SOURCE DATA:
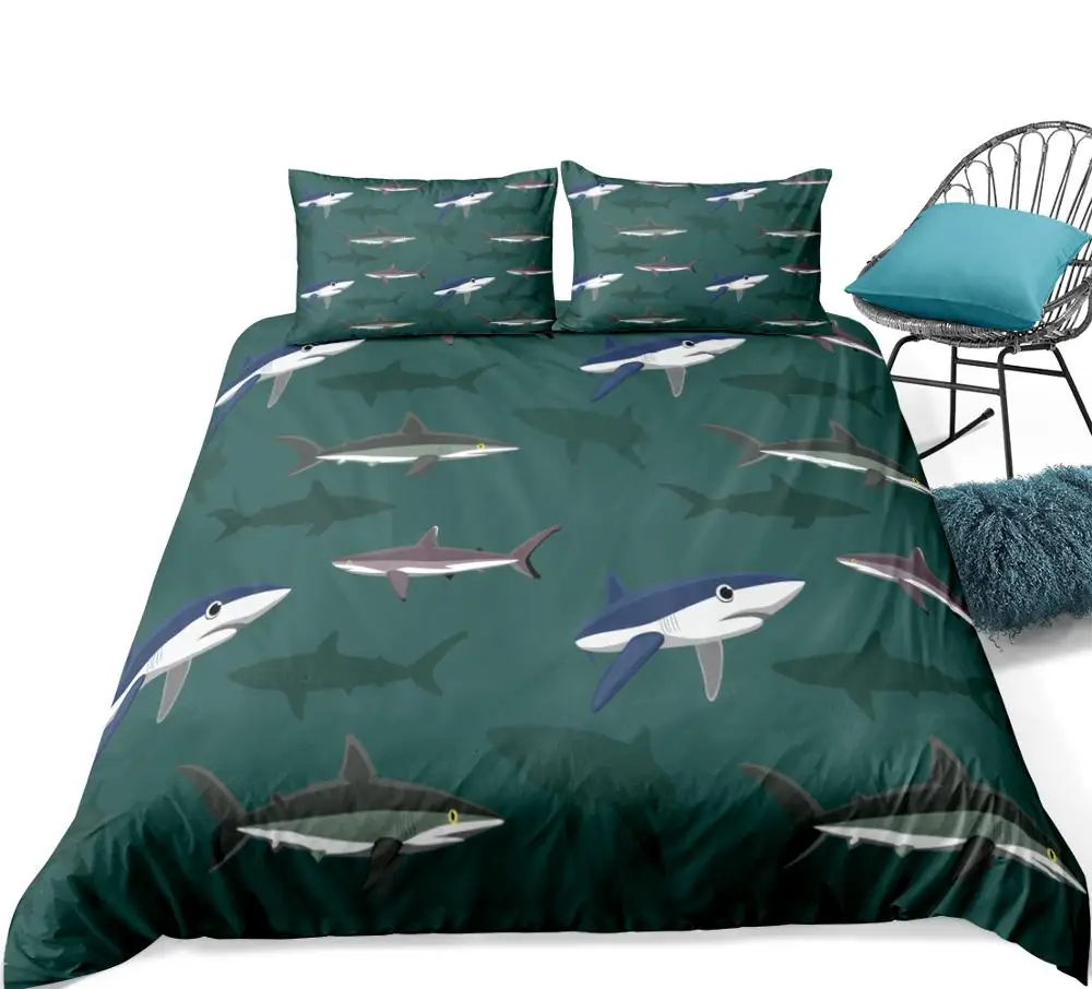 Комплект постельного белья Green Shark для детей, пододеяльник с изображением морских животных, для мальчиков, рыбок, 3D цифровая печать, 100% микрофибра
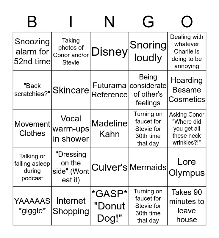This bingo card has a free space and 24 words: "Dressing on the side" (Wont eat it), Internet Shopping, Futurama Reference, YAAAAAS *giggle*, Dealing with whatever Charlie is doing to be annoying, Snoozing alarm for 52nd time, "Back scratchies?", Taking photos of Conor and/or Stevie, Turning on faucet for Stevie for 30th time that day, Culver's, Being considerate of other's feelings, Movement Clothes, Mermaids, Lore Olympus, Skincare, Turning on faucet for Stevie for 30th time that day, Asking Conor "Where did you get all these neck wrinkles?!", Disney, Hoarding Besame Cosmetics, Vocal warm-ups in shower, Takes 90 minutes to leave house, Talking or falling asleep during podcast, Snoring loudly and *GASP* "Donut Dog!".
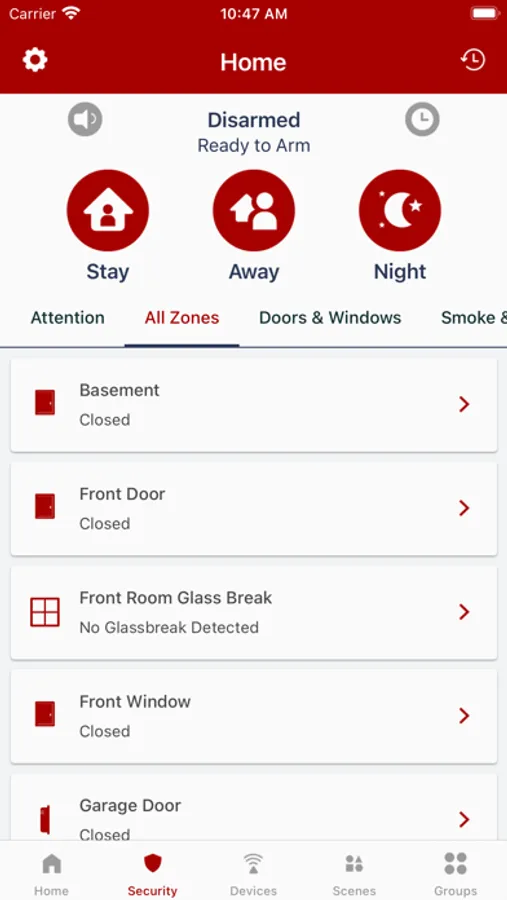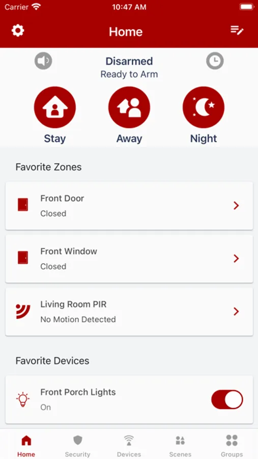 Receive real-time alarm status and arm or disarm your security system remotely. Get instant alerts in the event of a security alarm, or simply to be notified when your family arrives home.
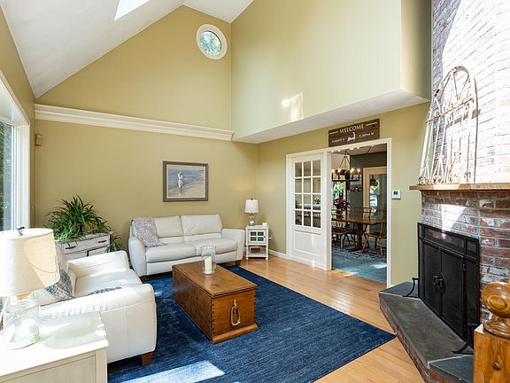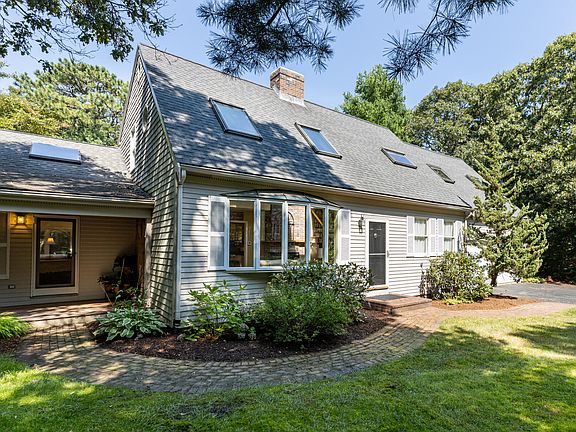 Welcome home to this bright and spacious contemporary cape style home with an open floor plan and cathedral ceilings. The great room boasts a gorgeous fireplace, palladium windows, skylights, double wide slider to decks and streaming sunlight. Kitchen is completely updated with granite countertops, stainless steel appliances and even a wine/liquor fridge! Hardwood and wide pine floors through-out with tiled baths. The huge en-suite master on 2nd floor has cathedral ceilings with exposed beams and juliette balcony. Master bath was just updated and features volcanic limestone soaking tub, quartz countertops and seamless glass tiled shower. Partially finished lower level offers a fully sound proofed room for music lovers or fitness buffs and a flexible floor plan for home office, and family room with a woodworking stove. The spacious 3-season room, large, private backyard and expansive deck make for year round entertaining! This property has easy access to Rte 6 for off-Cape commuting, shopping and access to Barnstable restaurants and beaches!

EXERCISE BRIEF:
Reproduce only the lines from the beginning of the data through the line that contains "This bingo card", both included, and please drop the pictures.

ANSWER TO THIS EXERCISE:
 Комплект постельного белья Green Shark для детей, пододеяльник с изображением морских животных, для мальчиков, рыбок, 3D цифровая печать, 100% микрофибра
This bingo card has a free space and 24 words: "Dressing on the side" (Wont eat it), Internet Shopping, Futurama Reference, YAAAAAS *giggle*, Dealing with whatever Charlie is doing to be annoying, Snoozing alarm for 52nd time, "Back scratchies?", Taking photos of Conor and/or Stevie, Turning on faucet for Stevie for 30th time that day, Culver's, Being considerate of other's feelings, Movement Clothes, Mermaids, Lore Olympus, Skincare, Turning on faucet for Stevie for 30th time that day, Asking Conor "Where did you get all these neck wrinkles?!", Disney, Hoarding Besame Cosmetics, Vocal warm-ups in shower, Takes 90 minutes to leave house, Talking or falling asleep during podcast, Snoring loudly and *GASP* "Donut Dog!".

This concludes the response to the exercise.